* **SOURCE MATERIAL**
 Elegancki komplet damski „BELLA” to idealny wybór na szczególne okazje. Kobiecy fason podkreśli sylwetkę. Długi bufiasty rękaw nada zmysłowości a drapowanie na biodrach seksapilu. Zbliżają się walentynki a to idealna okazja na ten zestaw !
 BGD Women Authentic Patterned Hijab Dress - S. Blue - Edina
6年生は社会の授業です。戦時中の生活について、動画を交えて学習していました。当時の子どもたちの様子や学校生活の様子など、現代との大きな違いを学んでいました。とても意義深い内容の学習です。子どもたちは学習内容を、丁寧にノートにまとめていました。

==

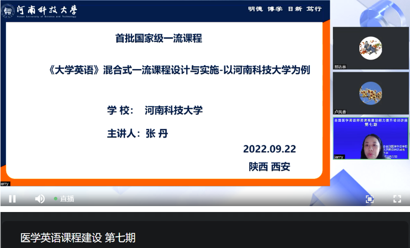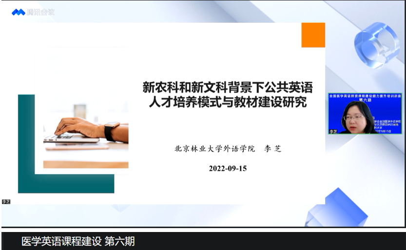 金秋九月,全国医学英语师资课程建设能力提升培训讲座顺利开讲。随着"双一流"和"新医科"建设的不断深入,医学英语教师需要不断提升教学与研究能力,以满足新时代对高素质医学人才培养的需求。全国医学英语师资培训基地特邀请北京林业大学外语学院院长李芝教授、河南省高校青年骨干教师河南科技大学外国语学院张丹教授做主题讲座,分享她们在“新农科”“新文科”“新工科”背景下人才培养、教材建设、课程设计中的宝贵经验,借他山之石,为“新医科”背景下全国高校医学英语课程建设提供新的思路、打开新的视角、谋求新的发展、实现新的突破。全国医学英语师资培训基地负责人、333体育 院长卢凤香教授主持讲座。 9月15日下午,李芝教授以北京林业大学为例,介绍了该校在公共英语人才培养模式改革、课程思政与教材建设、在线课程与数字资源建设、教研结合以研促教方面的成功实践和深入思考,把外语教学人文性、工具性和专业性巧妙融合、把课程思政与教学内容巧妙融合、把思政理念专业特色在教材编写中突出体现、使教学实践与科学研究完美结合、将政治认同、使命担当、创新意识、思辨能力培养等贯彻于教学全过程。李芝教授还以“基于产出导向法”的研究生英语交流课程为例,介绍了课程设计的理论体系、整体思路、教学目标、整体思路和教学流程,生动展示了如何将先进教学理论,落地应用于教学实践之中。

...

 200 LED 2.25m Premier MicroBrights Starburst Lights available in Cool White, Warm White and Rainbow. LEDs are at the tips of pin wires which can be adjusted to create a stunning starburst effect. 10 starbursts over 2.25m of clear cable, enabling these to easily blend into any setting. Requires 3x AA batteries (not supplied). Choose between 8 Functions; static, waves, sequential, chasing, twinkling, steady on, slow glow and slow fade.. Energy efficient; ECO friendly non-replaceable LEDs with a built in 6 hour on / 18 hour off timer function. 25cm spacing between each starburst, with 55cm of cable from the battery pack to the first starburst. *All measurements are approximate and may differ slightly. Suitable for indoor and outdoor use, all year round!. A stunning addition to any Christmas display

* **THE TASK**
Retype, in the same exact form, the lines of the material above from the line holding "Elegancki komplet damski" through the line holding "BGD Women Authentic".

* **THE ANSWER**
 Elegancki komplet damski „BELLA” to idealny wybór na szczególne okazje. Kobiecy fason podkreśli sylwetkę. Długi bufiasty rękaw nada zmysłowości a drapowanie na biodrach seksapilu. Zbliżają się walentynki a to idealna okazja na ten zestaw !
 BGD Women Authentic Patterned Hijab Dress - S. Blue - Edina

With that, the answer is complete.